Lets have a look at our dataset with two feature and one split.

Scikit-Learn uses the Classification And Regression Tree (CART) algorithm to produce binary trees, meaning nodes always have two children. Other algorithms, such as ID3, can have more children. The algorithms spits the training set into two subsets using a single feature and a theshold searching for the pair that produces the 'purest' subset based on size, minimising a cost function. Once split, it uses the same logic recursively until the maximum depth is reached or a split cannot be found that reduces impurity<sup>1</sup>. 

---
1. Géron, A. (2017).

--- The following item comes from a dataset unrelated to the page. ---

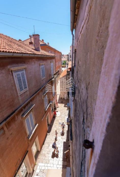 Prodaje se stan na drugom katu stambene zgrade smješten u samom srcu zadarskog Poluotoka, u strogom centru grada, na jednoj od najtraženijih lokacija . Ukupna površina stana iznosi 53,30 m2 a sastoji se od tri sobe, kuhinje s blagovaonicom, kupaone i terase. Stanu pripadaju i dva tavana koji rekonstrukcijom mogu postati sobe za iznajmljivanje. Zbog svoje pozicije stan je idealan za bavljenje turizmom tokom cijele godine a također može se prenamijeniti i u uredski prostor.

Hands-on machine learning with Scikit-Learn and TensorFlow: concepts, tools, and techniques to build intelligent systems. " O'Reilly Media, Inc.".

In [None]:
!pip install graphviz

In [None]:
from sklearn.tree import export_graphviz
from pydotplus import graph_from_dot_data
import graphviz

#DT.fit(vis_data, y_train)
#dot_data = export_graphviz(DT, out_file=None, 
#                     feature_names=[x_axis_label, y_axis_label],  
#                     class_names=feature_reduced['class'].unique(),  
#                     filled=True, rounded=True,  
#                     special_characters=True)  
#
# Save it
#graph = graph_from_dot_data(dot_data)
#graph.write_png('binary_split.png')
#
# Show it
#graphviz.Source(dot_data)

As we can see above it has chosen a value at which to split the data up. If below or equal to 0.2 it is classed as seizure and above is baseline.

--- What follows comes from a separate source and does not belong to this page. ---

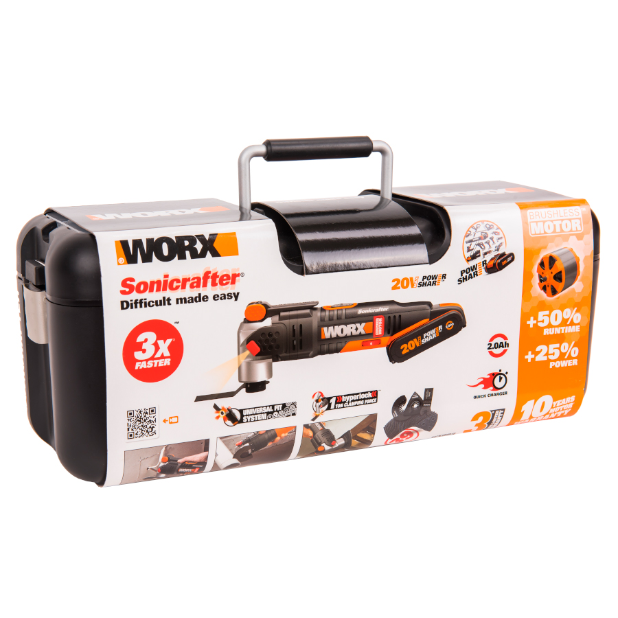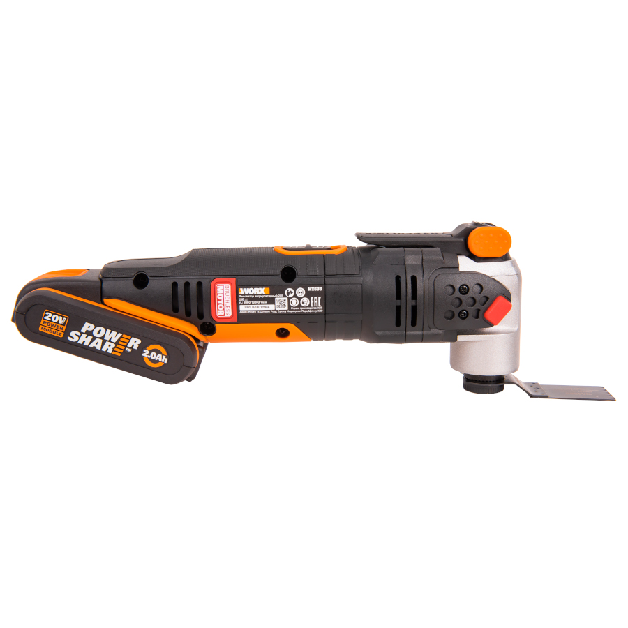 - Удобство и надежность WORX WX693 оснащен светодиодной подсветкой для удобства работы в условиях недостаточной видимости. Регулировка частоты колебаний позволяет настраивать инструмент для работы с мягкими и твердыми материалами. Реноватор имеет современный бесщеточный двигатель, который получил на 25% больше мощности и увеличил срок службы на 50% в сравнении с щеточными аналогами. Питание устройства осуществляется от универсального аккумулятора WORX Powershare, совместимого со всеми инструментами производителя в линейке вольтажа и оснащенного электронной платой защиты от перегрева.

If we then look at the descision boundary we see this is just a straight line representing this split

In [None]:
#plot_decision_regions(vis_data,
#                      y_train,
#                      clf = DT)
#
#plt.xlabel(x_axis_label) 
#plt.ylabel(y_axis_label)
#plt.xlim(0,.6)
#plt.ylim(0,1.)
#plt.show()

Lets now not restrict the number of splits it uses.

In [None]:
#DT = DecisionTreeClassifier(criterion='gini',
#                            max_depth = None,
#                            random_state=RANDOM_STATE)
#DT.fit(vis_data, y_train)
#
#dot_data = export_graphviz(DT, out_file=None, 
#                     feature_names=[x_axis_label, y_axis_label],  
#                     class_names=feature_reduced['class'].unique(),  
#                     filled=True, rounded=True,  
#                     special_characters=True)  
#
# Save it
#graph = graph_from_dot_data(dot_data)
#graph.write_png('multi_split.png')
#
# Show it
#graphviz.Source(dot_data)

As can be seen by the descision boundary, a decision tree is quite boxy. Furthermore, how the model makes a decision boundary is going to be affected by the rotation of the data (as DTs create straight lines).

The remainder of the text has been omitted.